Mud and rain put some extra slick on the course for the mountaincross finals Saturday evening, but local racers fared well against regional competition.”It’s tricky because all the lines are different, and everything you practice doesn’t count,” said Keystone’s Pedro del Busto, after he won the men’s sport division during the downpour. “It’s all about staying on the bike. It doesn’t matter if you clear the doubles. It’s just as long as you stay on the bike … it’s all about finishing when you get weather like this.”Not all racers were so lucky. After the rain began around 5:30 p.m., the relationship between wheels, jumps and turns began to loosen. In one of the final runs, three of the four riders on course piled on top of each other and into the side of the mountain around the first turn, and others were sucked sideways on their landings. The red flag (which indicates a rider down) was prominent during the race and many riders ended their runs before they crossed the finish line. In a 20-second mountaincross race, especially given the wet conditions, racers said there is only so much strategy to employ. “Get off the gate as soon as possible,” del Busto said. “If someone’s chasing, it’s harder to pass later on the course than it is to get out fast.”

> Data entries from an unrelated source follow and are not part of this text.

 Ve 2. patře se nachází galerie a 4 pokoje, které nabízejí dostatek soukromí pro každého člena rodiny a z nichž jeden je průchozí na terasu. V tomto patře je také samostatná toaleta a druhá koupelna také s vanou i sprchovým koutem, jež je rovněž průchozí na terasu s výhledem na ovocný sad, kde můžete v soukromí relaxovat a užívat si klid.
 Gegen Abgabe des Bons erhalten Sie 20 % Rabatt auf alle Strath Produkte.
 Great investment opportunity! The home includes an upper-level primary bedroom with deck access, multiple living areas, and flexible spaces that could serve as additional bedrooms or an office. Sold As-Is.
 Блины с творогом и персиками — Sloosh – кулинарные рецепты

Each racer’s position on the course was determined by a random selection of golf balls before his or her run. The balls gave a position from the inside to the outside lanes, inside being the most desired.Vail’s Jamas Stiber took the win for pro men, even after being dealt a bad ball.”I wanted the inside lane, but I got the outside and started last but finished first,” said Stiber, who was competing in only his second race since recovering from shoulder surgery. His first race upon recovery was the national championships in Durango last month, where he finished seventh. Keystone local Julie Larson just went pro this summer, and despite a loose pedal problem after the semi-final heat, took fourth for pro women. Larson, who, like most Summit County pro athletes, has to balance a full-time job with her athletic career, said that the slight representation of expert female racers in the Keystone race could be attributed to conflicting engagements.”We’re hurting this weekend because the World Cup Championships are next week in France and a lot of the pro girls are there,” she said. “But the beginner-sport category is huge compared to what it was. For mountaincross you have to have really good bike-handling skills and you have to be in good shape because there’s a lot of ramping and a lot of pedaling. The course is slippery right now, so we’re pretty cautious.”

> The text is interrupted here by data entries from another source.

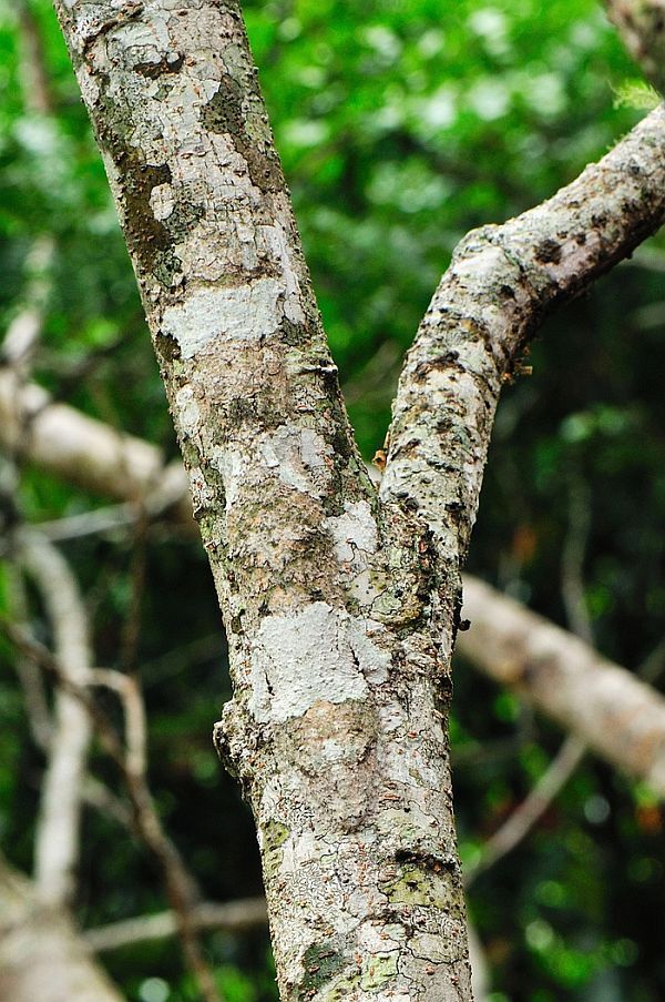馬達加斯加北部,琥珀山(Montagne d'Ambre)國家公園。樹上有一隻苔葉尾壁虎(Mossy Leaf-tailed Gecko)貌似青苔、尾似樹葉。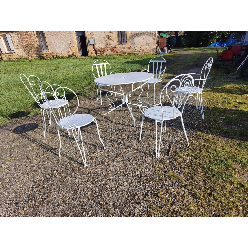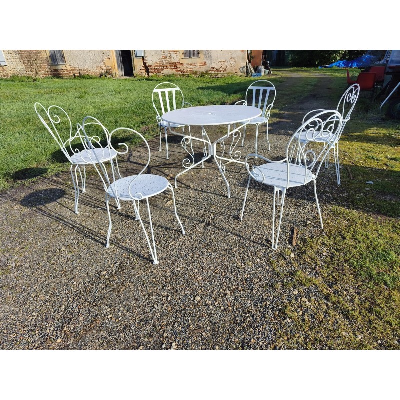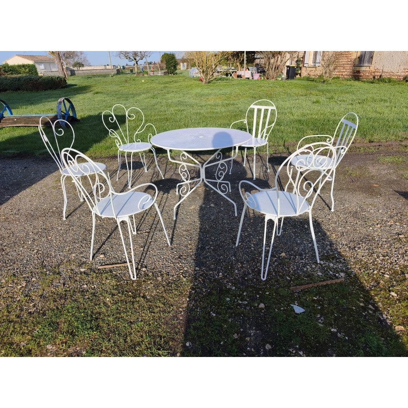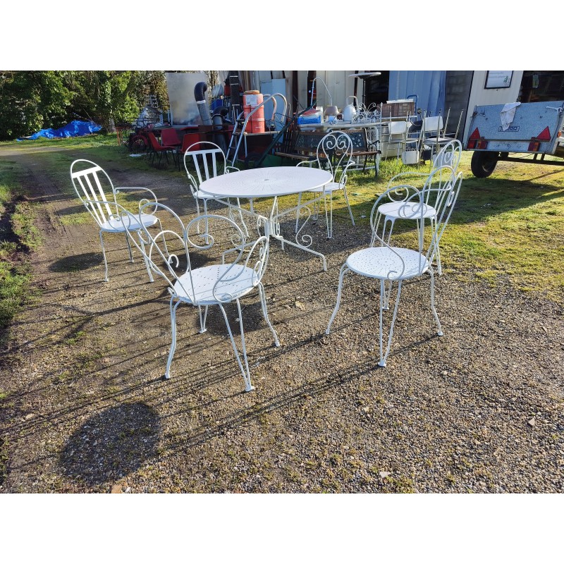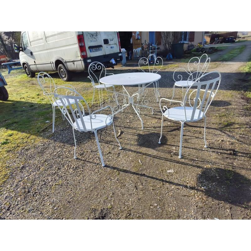 Salon de Jardin Fer Forgé 1900 avec 1 Table Ronde Haut : 72 cm , Diam : 95 cm , avec 5 Fauteuils et 1 chaise Dépareillée , 1 chaise et 1 Fauteuil ont étés ressoudées avec une assise bois sur 1 des chaise , donc ces 2 la sont a prendre avec le lot ou pas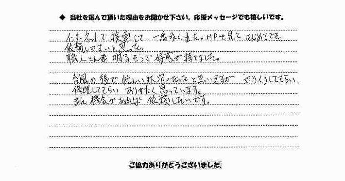 この度は実家の雨漏りを直していただき、ありがとうございました。 一度見ていただいてから数年たっての同じ場所の雨漏り。 正直本当に直してもらえるのかと思いました。 ですが、今回はじっくりとあらゆる方向からチ... 続きを読む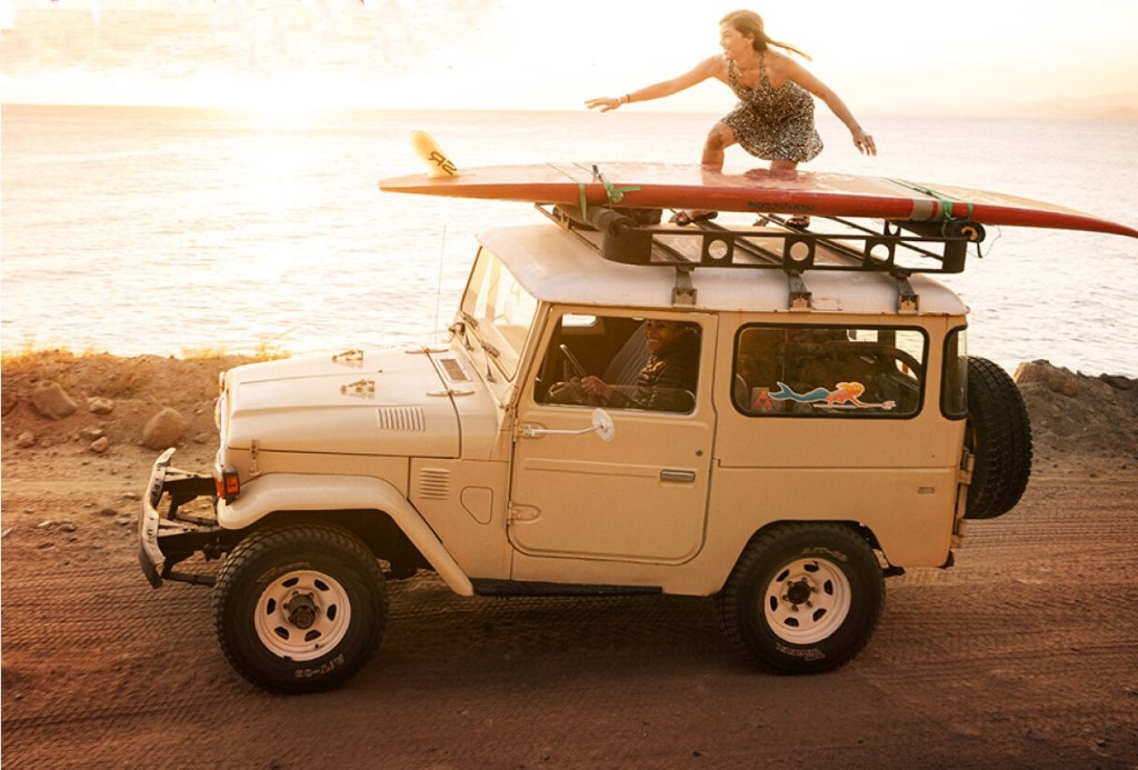Title Nine sends their catalogue to me. Even though their products no longer fit my body nor my demographic, I flip through the pages of young women climbing rocky cliffs, paddling, and biking in colorful, stretchy waterproof clothing– uniquely designed for each sport. The latest issue caught my eye. A woman (in a dress) balances on the roof of an old International Scout, the same model my husband drove when we first met. I study her solid stance, legs bent, arms outstretched, balanced at her very core. She looks brave and strong.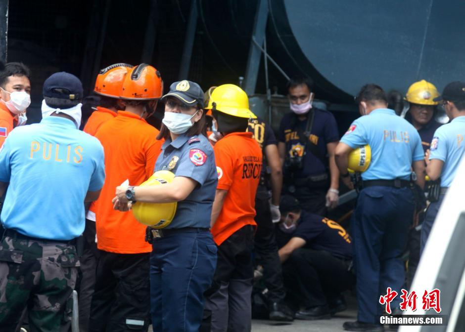 菲律宾首都大马尼拉地区巴伦苏埃拉市一家拖鞋工厂5月13日发生大火,截至14日下午,已证实有72人在火灾中遇难。菲律宾内政部长罗哈斯表示,由于仍有人员失踪,遇难人数可能还会增加。图为14日中午一名女警在救援现场,她的身后救援人员正在检查从火灾现场搬出的遇难者遗体。中新社发 张明 摄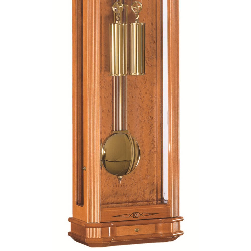 • Klok 70617-160058 is een snaarregulateur in een massieve kersenhouten uitvoering met een sleutellade en decoratieve houtinleg aan de boven- en onderkant.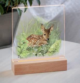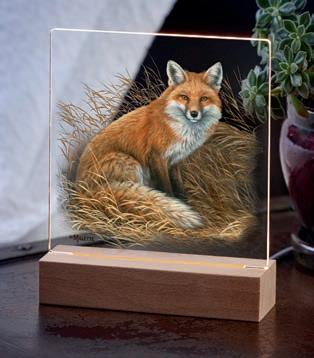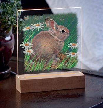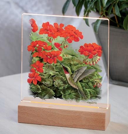 A soft ambient light with a favorite image leaves a sense of calm amid the darkness of night and beauty by daylight. Wood base with acrylic panel is illuminated by a 3 watt warm LED light. USB plug-in with button switch. USB adaptor and microfiber cleaning cloth also included. Components UL listed. 7¼"H x 6"W x 1¾"D. ©Rosemary Millette. Published by Wild Wings® a division of Art Brand Studios, LLC. Designed, printed, and assembled in the USA. No. 131010 $31.95

Some riders, however, threw caution to the wind. Among them was 16-year-old Summit sport rider TJ Fisker, who won his 18-and-under sport division. Fisker raced for local team Gravity, as did Lindsay Emore, who finished third, and Tyler Krahulec, who took fifth in the category Fisker won. Other local results included those of Matt Mazzaccaro, who won the 19-29 sport category, and Tim Muller, who took fifth in sport 30-39. The 18-and-under beginner and sport male categories contained the largest number of riders, and the children bouncing over the berms with enormous, Darth Vader-like helmets bobbling on their shoulders spoke to the future of mountaincross racing.”I think it’s awesome,” Fisker said of the up-and-coming young mountaincross field. “They’re out there doing stuff and trying new things. Every year, more and more people show up to ride.”